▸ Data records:
:::

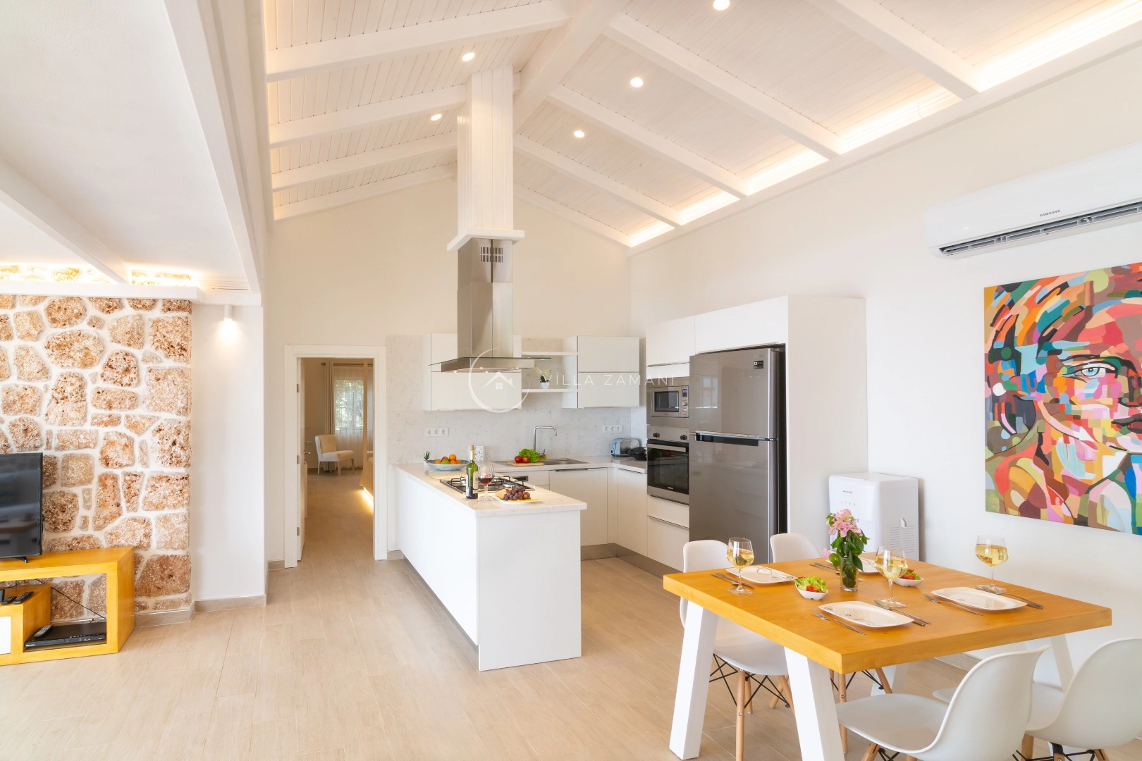 Toplam 2 yatak odasından oluşmuş, 4 kişi konaklama kapasitesine sahiptir. Çekirdek aileler ve arkadaş grupları için oldukça idealdir. Oldukça şık ve modern bir şekilde döşenmiş olan villamızda misafirlerimiz için her şey düşünülmüştür. Havuz terasında bulunan şezlonglarda güneşlenebilir, bahçe masasında muhteşem yemekler yiyebilir, salıncakta sallanıp keyifli dakikalar geçirebilirsiniz.
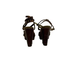 Frye Grace T-Strap Platform Sandals | Size 8M | Brown Leather High Heel
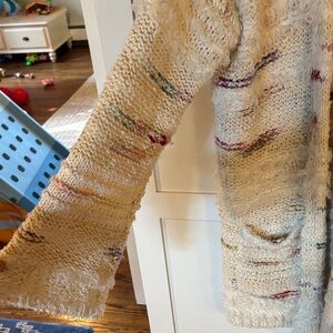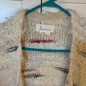 anthropologie Margo Rainbow Sweater Cardigan White Multi Medium Soft Knit
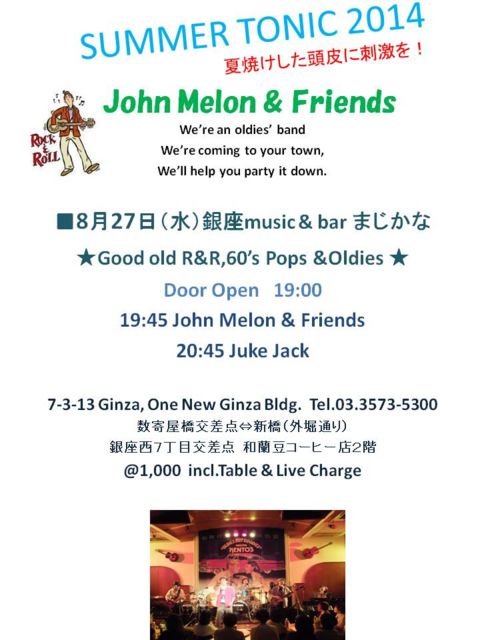 music & barまじかな(銀座西7丁目)で60'sな1日を♪ 19時 Door Open 19:45 John Melon & Friends 20:45 Juke Jack @1000 Table & Live Charge incl. 写真をクリックして下さい!
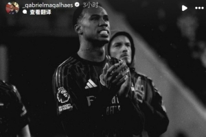本场比赛阿森纳遭遇对手补时绝平,10连胜终结。加布里埃尔赛后在社媒晒照鼓励球队:“枪迷们我们很快再见,我们会以更强姿态回归,感谢大家的支持!”
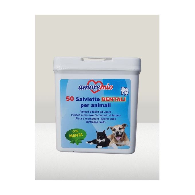 Nettoyez les dents de votre animal facilement et efficacement avec les lingettes dentaires Amore Mio. Conçues pour lutter contre la plaque, la mauvaise haleine et l’accumulation de tartre, elles assurent une hygiène bucco-dentaire optimale sans brossage.
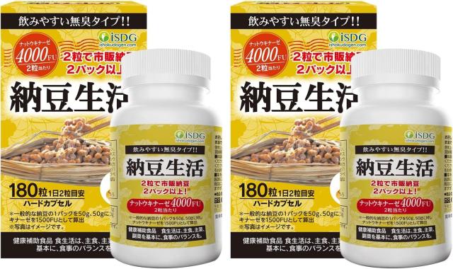 ISDG ナットウキナーゼ 4000FU 納豆生活 納豆キナーゼ サプリ 納豆菌培養エキス 高活性 栄養補助食品 日本生産 180粒 90日分 (2個
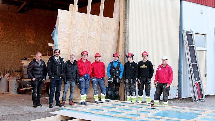 Det är fem elever i årskurs 3 (fyra träelever och en murare) som arbetar med bygget av stugan och det är också de som kommer att resa ner och bygga upp huset på plats tillsammans med lärarna Lars Eriksson och Andreas Markstedt.
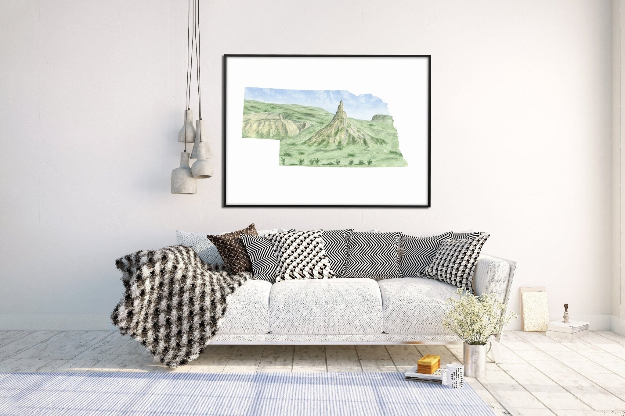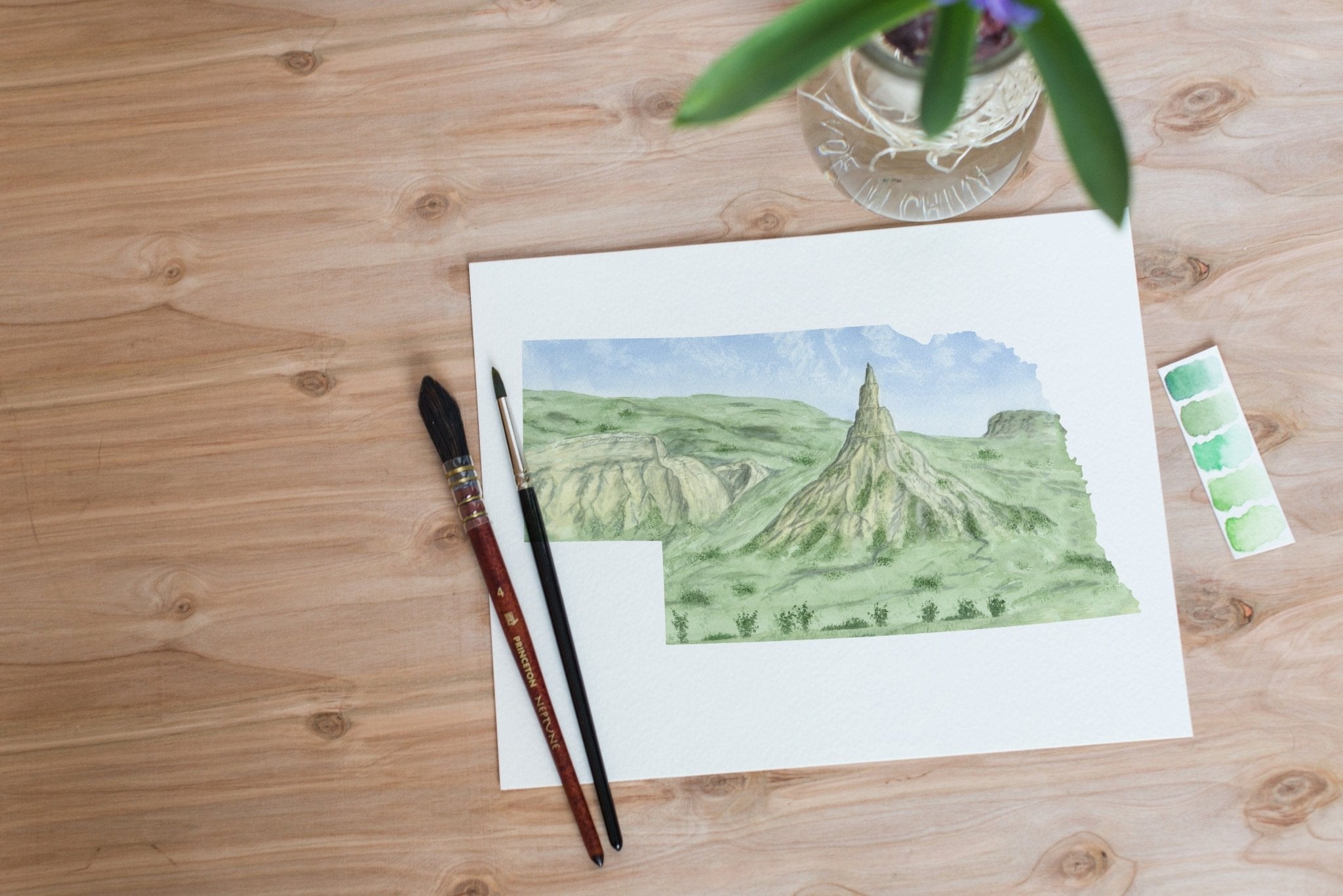 Nebraska/Chimney Rock Or Platte River Watercolor Print
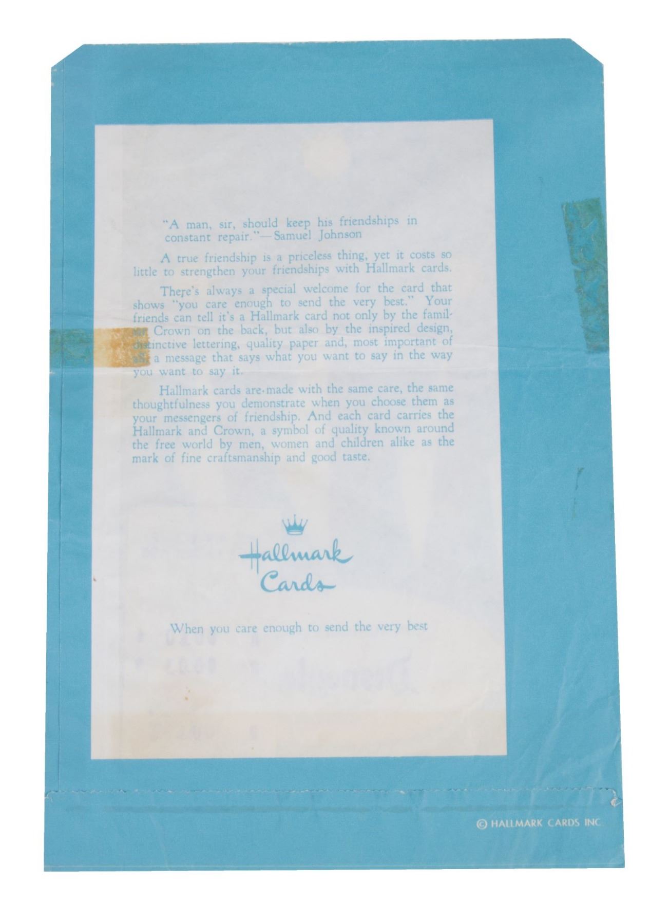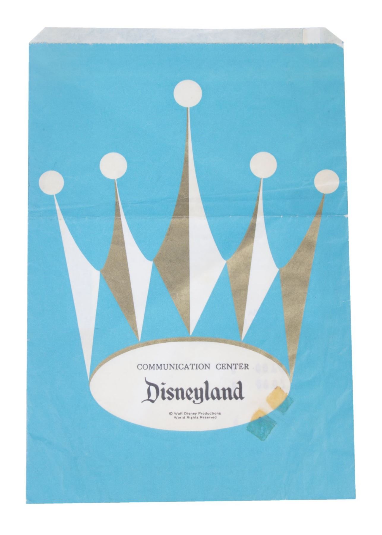 (Disneyland, 1964) A very scarce shopping bag from Disneyland's "Communication Center" on Main Street. The "Communication Center" was sponsored by Hallmark, and this bag features Hallmark's familiar crown logo and the title "Communication Center - Disneyland". The bag includes the original sales receipt which dates the bag to Aug 12, 1964. Measuring 10.25"x7", the bag is in good condition with some horizontal creasing and a few spots of tape discoloration.
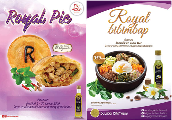 โดยทุกเมนูพระราชทานจะเริ่มจำหน่ายตั้งแต่วันที่ ๒ ? ๓๐ เมษายน ๒๕๖๐ โดย พาย เฟสซ์ ชิ้นละ ๔๙ บาท และบูลโกกิ บราเธอร์ ราคาเพียง ๓๕๙ บาท ทุกเมนูพระราชทานนั้นรายได้หลังหักค่าใช้จ่ายจะนำมอบสมทบทุนมูลนิธิชัยพัฒนา
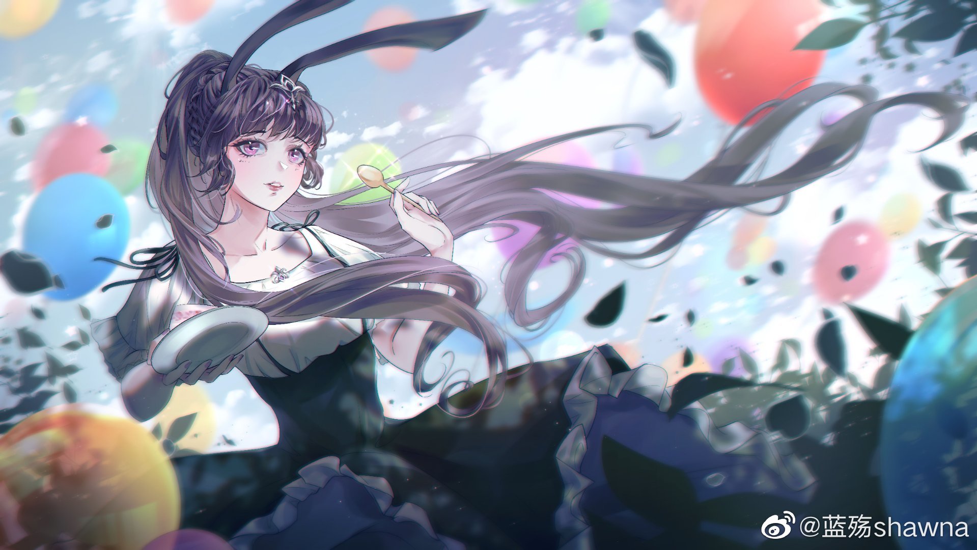 1girl animal_ears balloon black_hair black_skirt blue_sky cloud douluo_dalu falling_leaves from_below highres lan_shang_shawna leaf long_hair plate ponytail rabbit_ears shirt short_sleeves skirt sky solo spoon teeth upper_body white_shirt wind xiao_wu_(douluo_dalu)

:::

▸ Instructions for the task:
Copy out exactly the lines between the line that contains "(Disneyland, 1964) A" and the last line of the records, both ends included; leave out every picture.

▸ Response to the exercise:
 (Disneyland, 1964) A very scarce shopping bag from Disneyland's "Communication Center" on Main Street. The "Communication Center" was sponsored by Hallmark, and this bag features Hallmark's familiar crown logo and the title "Communication Center - Disneyland". The bag includes the original sales receipt which dates the bag to Aug 12, 1964. Measuring 10.25"x7", the bag is in good condition with some horizontal creasing and a few spots of tape discoloration.
 โดยทุกเมนูพระราชทานจะเริ่มจำหน่ายตั้งแต่วันที่ ๒ ? ๓๐ เมษายน ๒๕๖๐ โดย พาย เฟสซ์ ชิ้นละ ๔๙ บาท และบูลโกกิ บราเธอร์ ราคาเพียง ๓๕๙ บาท ทุกเมนูพระราชทานนั้นรายได้หลังหักค่าใช้จ่ายจะนำมอบสมทบทุนมูลนิธิชัยพัฒนา
 1girl animal_ears balloon black_hair black_skirt blue_sky cloud douluo_dalu falling_leaves from_below highres lan_shang_shawna leaf long_hair plate ponytail rabbit_ears shirt short_sleeves skirt sky solo spoon teeth upper_body white_shirt wind xiao_wu_(douluo_dalu)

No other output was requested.